OSLO - For some reason, the fact that we were heading to Norway for a vacation seemed to baffle many of our friends. Did we have family there, they asked.
We don't, though I had to confess a family connection to the land of the midnight sun. In 1980, my father, a university professor, spent his sabbatical at the Norwegian Geotechnical Institute. I loved fifth grade in Oslo. The kids were friendly, we could play soccer in natural light until 11 at night in summer, and nobody made fun of my bowl cut. (I would be mocked for that hair a few days after my return to the States.)
I have been back to Oslo once since then, a brief Eurail visit in 1992. But this vacation would be different. With my parents on sabbatical again, we would see them and then Carlene and I, without our 5-year-old, would take one of the great 36-hour excursions in Scandinavia.
It is a trip that goes from Oslo to the west coast city of Bergen. But the point is not just getting there. It is what you see along the way, from the gorgeous stretch of fiords (narrow sea inlets with steep mountain sides) to the desolate, rolling snowscapes.
I took this trip with the family back in 1980 when we patched together train, boat, and bus tickets. These days, there's a Norway in a Nutshell package. It runs just under $400 a ticket (not including lodging).
We started on a Sunday morning in May from Oslo. The nearly five-hour first leg is by train and, like everything in Norway, clean, organized, and always on time. With the exchange rate so dreadful - a cup of coffee can run $6 - we tried to be sparing with our krone. Still, as the train climbed, it was hard to resist cocoa and lefse, a Norwegian snack made of folded, buttered bread made from potatoes, and cinnamon sugar. Two hours in, we could see snowy mountains in the distance.
Not long after that we arrived in Finse, the highest point of the route at 4,000 feet. This is a dramatic place, with houses reachable only by skis, and we spotted plenty of cross-country skiers roaming the beautiful countryside. Finse trivia: This is where George Lucas shot the ice planet scenes for his 1980 film "The Empire Strikes Back."
A short stretch later, the train rolled into Myrdal, and we all got off to cross the platform. Leg two was waiting in the form of the Flåm Railway. This slow-moving train covers about 12 1/2 miles of reel-worthy scenery in an hour. You probably should sit on the left side of the train (facing front), though the views are stunning from either side. The train also goes slow enough that you can stand.

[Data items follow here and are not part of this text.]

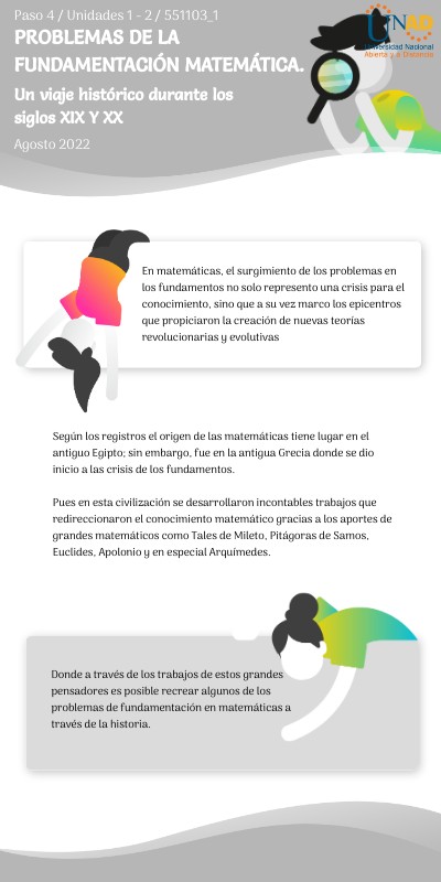 Según los registros el origen de las matemáticas tiene lugar en el antiguo Egipto; sin embargo, fue en la antigua Grecia donde se dio inicio a las crisis de los fundamentos. Pues en esta civilización se desarrollaron incontables trabajos que redireccionaron el conocimiento matemático gracias a los aportes de grandes matemáticos como Tales de Mileto, Pitágoras de Samos, Euclides, Apolonio y en especial Arquímedes.
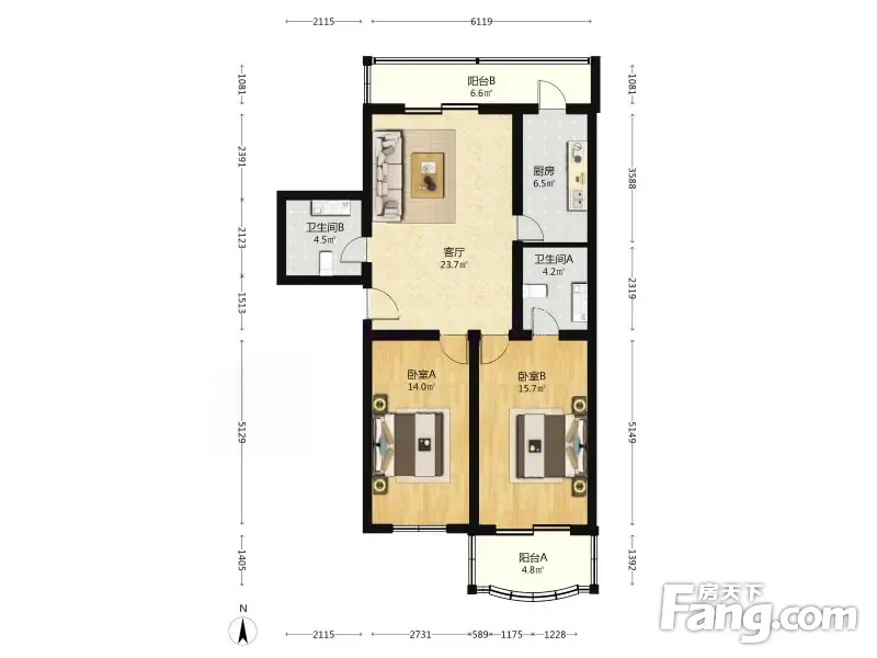 2室1厅2卫
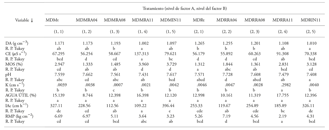 El valor K del suelo mostró tres grupos definidos: en el grupo a, el tratamiento MDRRA11 (0.298 cm s-1); en el grupo b, los tratamientos MDMt (0.004 cm s-1), MDMRA04 (0.004 cm s-1), MDMRA11 (0.002 cm s-1), MDMIN11 (0.004 cm s-1), MDRt (0.005 cm s-1), MDRRA04 (0.004 cm s-1), MDRRA08 (0.003 cm s-1), y MDRIN11 (0.004 cm s-1); en el grupo c, el tratamiento MDMRA08 (0.007 cm s-1).
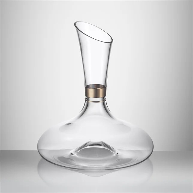 She holds out the sleek glass decanter for his inspection, and his native wariness returns.

In the early afternoon we were deposited in Flåm, a small town at the base of the Sognefjord, and told we had roughly an hour before the boat would take off down the fiord.

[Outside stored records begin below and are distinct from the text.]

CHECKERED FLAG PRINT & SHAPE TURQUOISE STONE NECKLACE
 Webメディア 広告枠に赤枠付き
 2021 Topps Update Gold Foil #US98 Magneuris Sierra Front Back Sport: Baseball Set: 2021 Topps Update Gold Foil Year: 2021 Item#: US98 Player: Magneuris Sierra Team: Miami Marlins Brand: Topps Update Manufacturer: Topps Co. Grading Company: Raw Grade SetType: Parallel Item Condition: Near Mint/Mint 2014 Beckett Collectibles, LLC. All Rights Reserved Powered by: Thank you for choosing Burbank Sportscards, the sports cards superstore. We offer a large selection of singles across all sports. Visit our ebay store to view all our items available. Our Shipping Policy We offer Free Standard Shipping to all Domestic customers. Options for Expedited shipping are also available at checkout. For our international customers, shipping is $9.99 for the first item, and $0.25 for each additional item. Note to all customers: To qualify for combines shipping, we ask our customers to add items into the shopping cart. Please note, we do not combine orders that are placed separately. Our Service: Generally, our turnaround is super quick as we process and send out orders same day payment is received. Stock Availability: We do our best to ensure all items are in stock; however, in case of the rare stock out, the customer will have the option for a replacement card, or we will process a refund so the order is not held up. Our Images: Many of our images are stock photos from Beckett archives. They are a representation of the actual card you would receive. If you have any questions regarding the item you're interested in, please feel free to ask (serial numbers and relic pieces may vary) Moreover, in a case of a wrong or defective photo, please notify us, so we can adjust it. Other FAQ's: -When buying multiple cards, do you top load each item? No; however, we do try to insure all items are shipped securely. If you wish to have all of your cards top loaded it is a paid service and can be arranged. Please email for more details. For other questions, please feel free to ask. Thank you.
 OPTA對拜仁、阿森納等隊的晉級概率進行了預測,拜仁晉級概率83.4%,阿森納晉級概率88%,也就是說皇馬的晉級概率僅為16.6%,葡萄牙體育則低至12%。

From 1980, I remember the sleepiness of the town, and a mad scramble for bread, cheese, and salami we could turn into dinner. These days, the place is stuffed with tourists. There are sweater stores and overpriced restaurants. We did luck out in finding a reasonably priced, cafeteria-style spot near the water where we enjoyed open-faced sandwiches (one shrimp, another cheese) without breaking the bank.
Maybe it was my post-lunch haze. But in Flåm, I made my first and only mistake of the trip, and it was a doozy. I wanted to know which of four landings the Nutshell tour boat would leave from. So I headed to the information booth and showed the guy my ticket.
Please note: Nutshell participants are meant to go from Flåm up to Gudvangen on the boat. From there, a bus hauls you up the hairpin bends of Stalheimskleiva. Then you hop a train for a short stretch that lands you in Bergen a little after 8. The man behind the counter sort of ignored all this. He skipped to the last line on my ticket where it simply listed the end destination of Bergen and told me to go to landing 4.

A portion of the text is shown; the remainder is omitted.